(Beginning of Provided records)

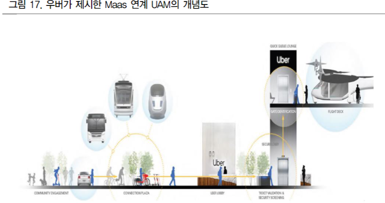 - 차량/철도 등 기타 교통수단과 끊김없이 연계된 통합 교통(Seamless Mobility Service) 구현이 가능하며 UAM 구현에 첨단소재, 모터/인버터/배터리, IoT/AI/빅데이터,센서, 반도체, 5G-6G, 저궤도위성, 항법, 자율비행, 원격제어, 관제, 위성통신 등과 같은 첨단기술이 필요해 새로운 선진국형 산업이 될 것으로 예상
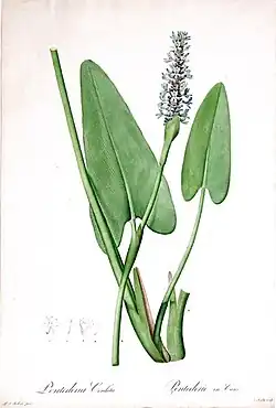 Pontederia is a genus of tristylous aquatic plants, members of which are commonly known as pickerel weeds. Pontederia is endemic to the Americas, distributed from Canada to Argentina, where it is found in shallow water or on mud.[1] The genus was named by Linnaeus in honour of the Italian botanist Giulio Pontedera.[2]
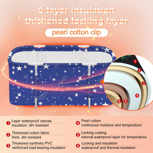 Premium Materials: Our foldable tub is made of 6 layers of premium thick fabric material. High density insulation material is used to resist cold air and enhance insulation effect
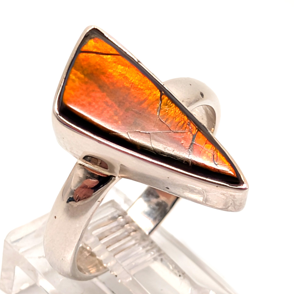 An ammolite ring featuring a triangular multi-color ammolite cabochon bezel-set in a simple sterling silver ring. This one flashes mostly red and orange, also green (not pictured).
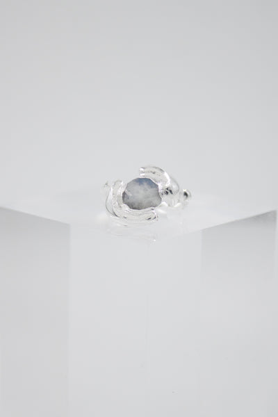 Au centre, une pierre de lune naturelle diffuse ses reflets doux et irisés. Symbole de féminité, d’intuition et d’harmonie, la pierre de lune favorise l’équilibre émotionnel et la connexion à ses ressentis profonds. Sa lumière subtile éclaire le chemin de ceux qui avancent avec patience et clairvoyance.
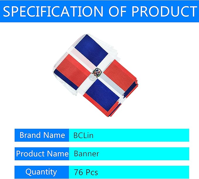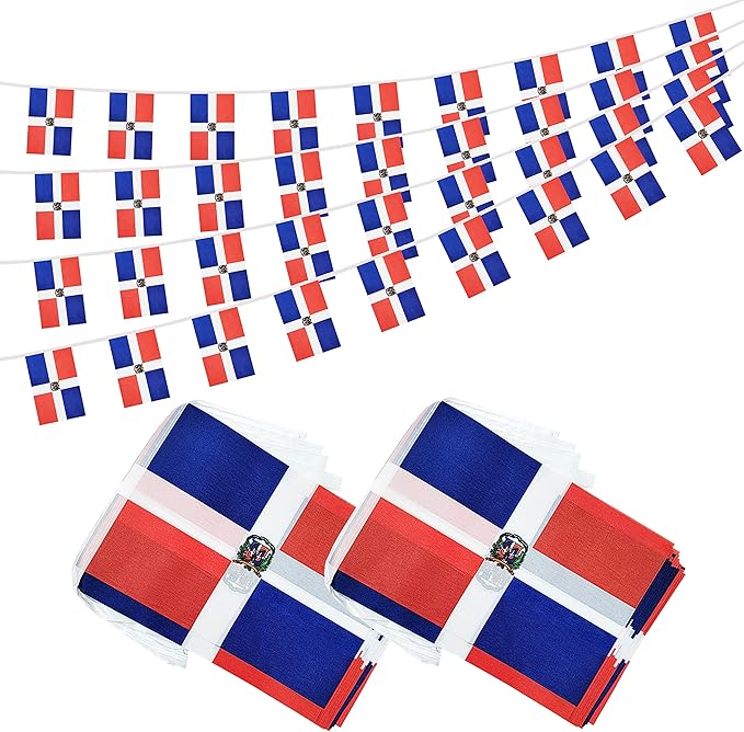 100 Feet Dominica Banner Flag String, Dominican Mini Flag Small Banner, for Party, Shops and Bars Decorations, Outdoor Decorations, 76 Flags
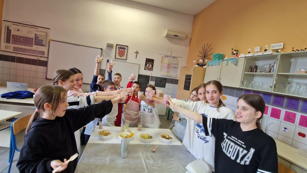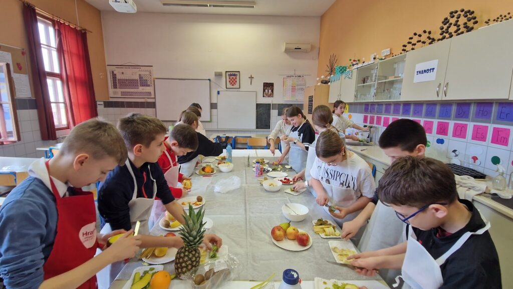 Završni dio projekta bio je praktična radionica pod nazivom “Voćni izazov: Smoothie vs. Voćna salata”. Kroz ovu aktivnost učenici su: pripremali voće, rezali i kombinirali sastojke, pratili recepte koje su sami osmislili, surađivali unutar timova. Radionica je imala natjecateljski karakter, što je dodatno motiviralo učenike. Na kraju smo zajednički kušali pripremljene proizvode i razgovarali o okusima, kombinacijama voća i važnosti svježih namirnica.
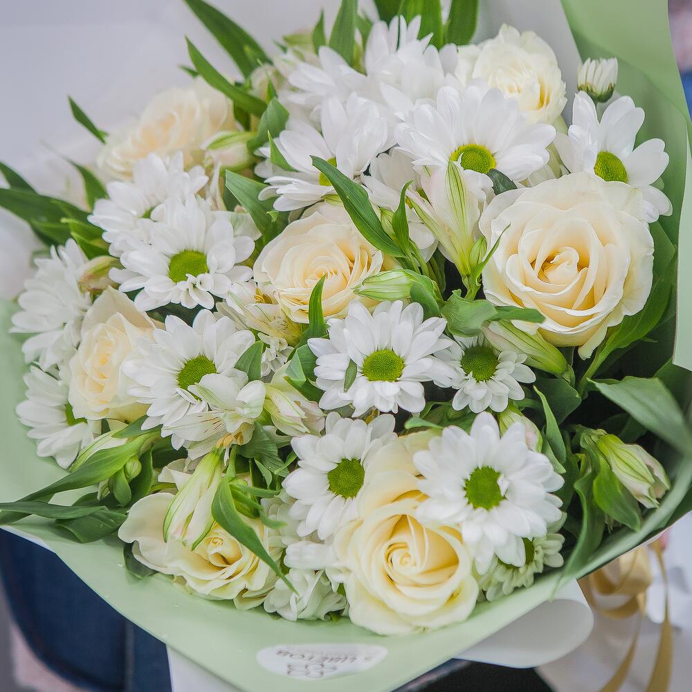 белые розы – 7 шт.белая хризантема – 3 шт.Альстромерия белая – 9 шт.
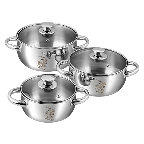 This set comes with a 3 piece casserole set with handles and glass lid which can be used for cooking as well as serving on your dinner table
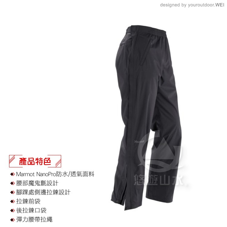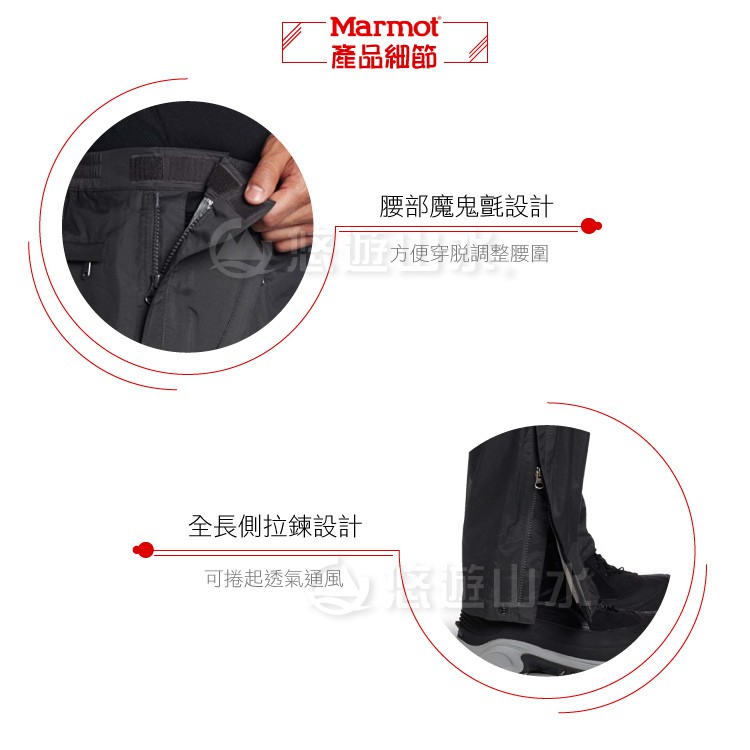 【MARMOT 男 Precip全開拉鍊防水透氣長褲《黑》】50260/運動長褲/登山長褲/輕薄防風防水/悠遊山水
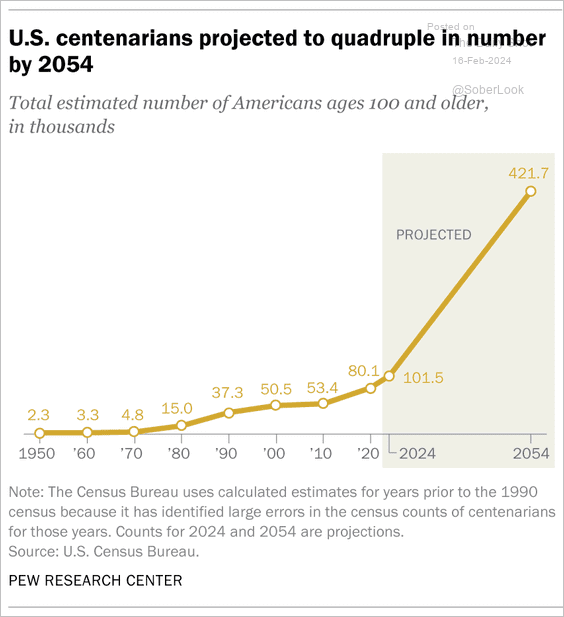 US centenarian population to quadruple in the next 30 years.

(End of Provided records)
(Beginning of Provided records)

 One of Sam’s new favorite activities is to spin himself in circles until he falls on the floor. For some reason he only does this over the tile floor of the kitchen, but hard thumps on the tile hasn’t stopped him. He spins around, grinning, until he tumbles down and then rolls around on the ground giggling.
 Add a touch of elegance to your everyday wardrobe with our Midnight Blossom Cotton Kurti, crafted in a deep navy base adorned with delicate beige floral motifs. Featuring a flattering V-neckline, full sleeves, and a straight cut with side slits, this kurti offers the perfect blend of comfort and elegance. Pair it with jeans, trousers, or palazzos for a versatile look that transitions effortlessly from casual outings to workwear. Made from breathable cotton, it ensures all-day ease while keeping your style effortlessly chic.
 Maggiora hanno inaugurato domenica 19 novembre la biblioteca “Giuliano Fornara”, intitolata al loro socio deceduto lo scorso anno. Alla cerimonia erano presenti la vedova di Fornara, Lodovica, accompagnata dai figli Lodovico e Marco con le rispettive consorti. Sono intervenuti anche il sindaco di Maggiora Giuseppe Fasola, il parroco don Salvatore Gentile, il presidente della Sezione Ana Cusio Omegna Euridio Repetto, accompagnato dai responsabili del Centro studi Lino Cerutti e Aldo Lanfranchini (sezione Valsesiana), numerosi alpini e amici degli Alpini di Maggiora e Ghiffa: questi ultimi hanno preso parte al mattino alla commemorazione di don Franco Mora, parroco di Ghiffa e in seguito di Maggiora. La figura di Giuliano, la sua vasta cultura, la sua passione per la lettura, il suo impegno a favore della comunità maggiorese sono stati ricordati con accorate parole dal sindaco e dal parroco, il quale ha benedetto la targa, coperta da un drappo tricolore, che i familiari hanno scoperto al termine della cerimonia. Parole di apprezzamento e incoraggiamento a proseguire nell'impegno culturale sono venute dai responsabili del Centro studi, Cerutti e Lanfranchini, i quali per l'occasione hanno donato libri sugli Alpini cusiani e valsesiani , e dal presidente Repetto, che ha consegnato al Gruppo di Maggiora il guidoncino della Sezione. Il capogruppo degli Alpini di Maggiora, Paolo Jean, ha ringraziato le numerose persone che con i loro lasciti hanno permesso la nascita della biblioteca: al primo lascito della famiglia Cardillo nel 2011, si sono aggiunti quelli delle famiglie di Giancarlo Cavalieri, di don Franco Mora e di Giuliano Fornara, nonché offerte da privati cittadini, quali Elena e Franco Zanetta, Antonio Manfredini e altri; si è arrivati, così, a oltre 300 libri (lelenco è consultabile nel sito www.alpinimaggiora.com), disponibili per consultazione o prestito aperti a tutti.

(End of Provided records)
(Beginning of Provided records)

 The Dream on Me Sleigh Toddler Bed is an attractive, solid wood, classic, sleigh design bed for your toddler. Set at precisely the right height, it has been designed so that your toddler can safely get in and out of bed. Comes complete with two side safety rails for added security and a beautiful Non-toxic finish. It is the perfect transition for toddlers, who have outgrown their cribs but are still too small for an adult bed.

(End of Provided records)

- Problem
Looking above, find the stretch of lines that opens with the one holding "Premium Materials: Our" and closes with the one holding "US centenarian population". Copy it exactly, pictures excluded.

- Exercise answer
 Premium Materials: Our foldable tub is made of 6 layers of premium thick fabric material. High density insulation material is used to resist cold air and enhance insulation effect
 An ammolite ring featuring a triangular multi-color ammolite cabochon bezel-set in a simple sterling silver ring. This one flashes mostly red and orange, also green (not pictured).
 Au centre, une pierre de lune naturelle diffuse ses reflets doux et irisés. Symbole de féminité, d’intuition et d’harmonie, la pierre de lune favorise l’équilibre émotionnel et la connexion à ses ressentis profonds. Sa lumière subtile éclaire le chemin de ceux qui avancent avec patience et clairvoyance.
 100 Feet Dominica Banner Flag String, Dominican Mini Flag Small Banner, for Party, Shops and Bars Decorations, Outdoor Decorations, 76 Flags
 Završni dio projekta bio je praktična radionica pod nazivom “Voćni izazov: Smoothie vs. Voćna salata”. Kroz ovu aktivnost učenici su: pripremali voće, rezali i kombinirali sastojke, pratili recepte koje su sami osmislili, surađivali unutar timova. Radionica je imala natjecateljski karakter, što je dodatno motiviralo učenike. Na kraju smo zajednički kušali pripremljene proizvode i razgovarali o okusima, kombinacijama voća i važnosti svježih namirnica.
 белые розы – 7 шт.белая хризантема – 3 шт.Альстромерия белая – 9 шт.
 This set comes with a 3 piece casserole set with handles and glass lid which can be used for cooking as well as serving on your dinner table
 【MARMOT 男 Precip全開拉鍊防水透氣長褲《黑》】50260/運動長褲/登山長褲/輕薄防風防水/悠遊山水
 US centenarian population to quadruple in the next 30 years.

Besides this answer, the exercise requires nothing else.